首先是getOrCreateParentStages,以当前的rdd和jobid作为参数,返回一个List(parentStage,id),前面的代表这个当前的resultStage所依赖的全部stage,后面的就是返回当前stage的id

  private[scheduler] def getShuffleDependencies(
      rdd: RDD[_]): HashSet[ShuffleDependency[_, _, _]] = {
    val parents = new HashSet[ShuffleDependency[_, _, _]]/#父依赖hashset
    val visited = new HashSet[RDD[_]]#访问过的
    val waitingForVisit = new Stack[RDD[_]]//
    waitingForVisit.push(rdd)//待访问的rdd首先压入栈
    while (waitingForVisit.nonEmpty) {
      val toVisit = waitingForVisit.pop()
      if (!visited(toVisit)) {
        visited += toVisit
        toVisit.dependencies.foreach {
          case shuffleDep: ShuffleDependency[_, _, _] =>
            parents += shuffleDep
          case dependency =>
            waitingForVisit.push(dependency.rdd)//这个怎么办?
        }
      }
    }
    parents
  }

根据入栈的rdd的依赖关系,

如果是窄依赖,那么就将压入栈底;
如果是宽依赖,那么就将至添加到parents中。最后结果将返回parents。

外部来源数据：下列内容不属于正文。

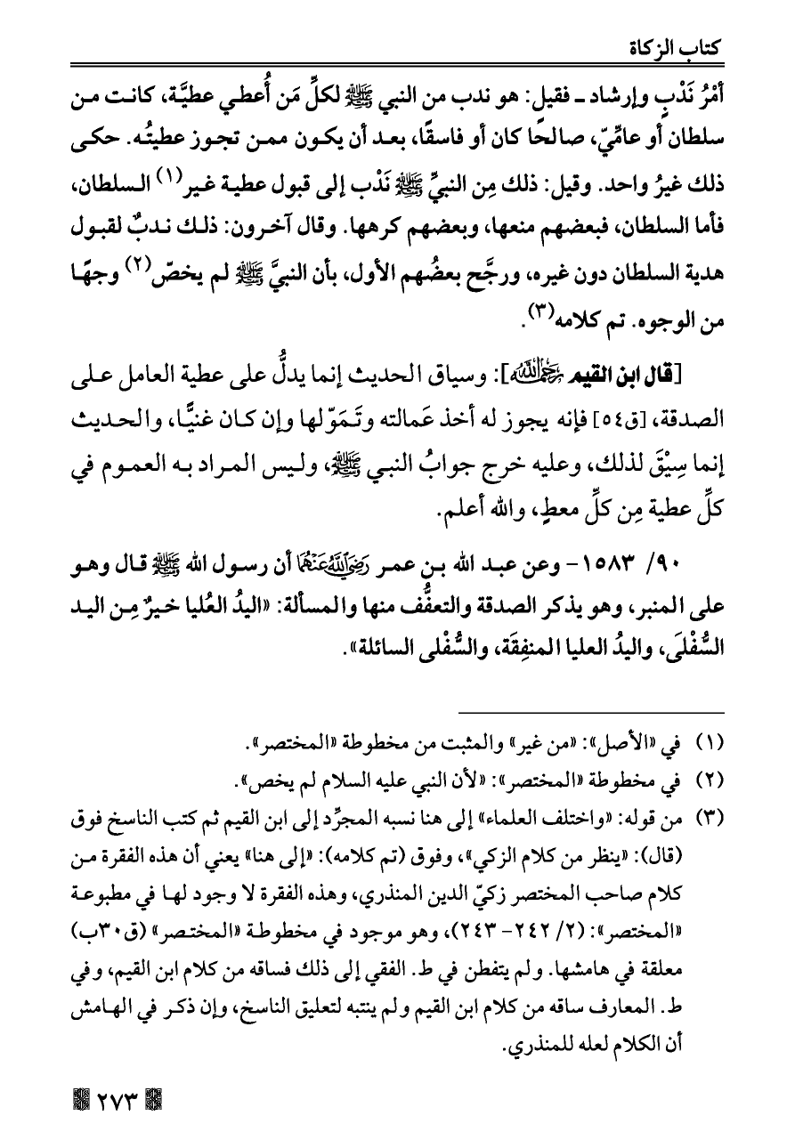 ٩٠/ ١٥٨٣ - وعن عبد الله بن عمر - رضي الله عنهما - أن رسول الله - صلى الله عليه وسلم - قال وهو على المنبر، وهو يذكر الصدقة والتعفُّف منها والمسألة: «اليدُ العُليا خيرٌ مِن اليد السُّفْلَى، واليدُ العليا المنفِقَة، والسُّفْلى السائلة».

也就是parents中是宽依赖的rdd关系。

这样之后得到最终的stage结果。

  private def getOrCreateShuffleMapStage(
      shuffleDep: ShuffleDependency[_, _, _],
      firstJobId: Int): ShuffleMapStage = {
    shuffleIdToMapStage.get(shuffleDep.shuffleId) match {     #如果原本shuffleIdToMapStage中就有ShuffleMapStage ,直接返回
      case Some(stage) =>
        stage
      #如果没有,调用getMissingAncestorShuffleDependencies找到祖先的宽依赖
      case None =>              getMissingAncestorShuffleDependencies(shuffleDep.rdd).foreach { dep =>

          if (!shuffleIdToMapStage.contains(dep.shuffleId)) {
            createShuffleMapStage(dep, firstJobId)
          }
        }
        // Finally, create a stage for the given shuffle dependency.
        createShuffleMapStage(shuffleDep, firstJobId)
    }
  }

追寻stages的父辈,如果父辈stages为missing的状态,要么已经没有父辈了,要么父辈已经都提交了:

private def getMissingParentStages(stage: Stage): List[Stage] = {
    val missing = new HashSet[Stage]//尚未提交的父stages
    val visited = new HashSet[RDD[_]]//已经处理过的RDD
    // 未处理的将存入这个栈
    val waitingForVisit = new Stack[RDD[_]]
    def visit(rdd: RDD[_]) {
      if (!visited(rdd)) {
        visited += rdd
        val rddHasUncachedPartitions = getCacheLocs(rdd).contains(Nil)
        if (rddHasUncachedPartitions) {
          for (dep <- rdd.dependencies) {
            dep match {//如果dep是宽依赖就可以直接产生stage
              case shufDep: ShuffleDependency[_, _, _] =>
                val mapStage = getOrCreateShuffleMapStage(shufDep, stage.firstJobId)
                if (!mapStage.isAvailable) {
                  missing += mapStage
                }
                //如果是窄依赖,将rdd存入栈中,这个栈中的rdd都是窄依赖
              case narrowDep: NarrowDependency[_] =>
                waitingForVisit.push(narrowDep.rdd)
            }
          }
        }
      }
    }
    waitingForVisit.push(stage.rdd)//压入第一个rdd,然后递归遍历整个stage中rdd,寻找其父依赖,直至最开始rdd
    while (waitingForVisit.nonEmpty) {
      visit(waitingForVisit.pop())
    }
    missing.toList//父依赖返回list
  }

最终返回ShuffleMapStage。

def createShuffleMapStage(shuffleDep: ShuffleDependency[_, _, _], jobId: Int): ShuffleMapStage = {
    val rdd = shuffleDep.rdd
    val numTasks = rdd.partitions.length//每个分区对应一个task
    val parents = getOrCreateParentStages(rdd, jobId)
    val id = nextStageId.getAndIncrement()
    val stage = new ShuffleMapStage(id, rdd, numTasks, parents, jobId, rdd.creationSite, shuffleDep)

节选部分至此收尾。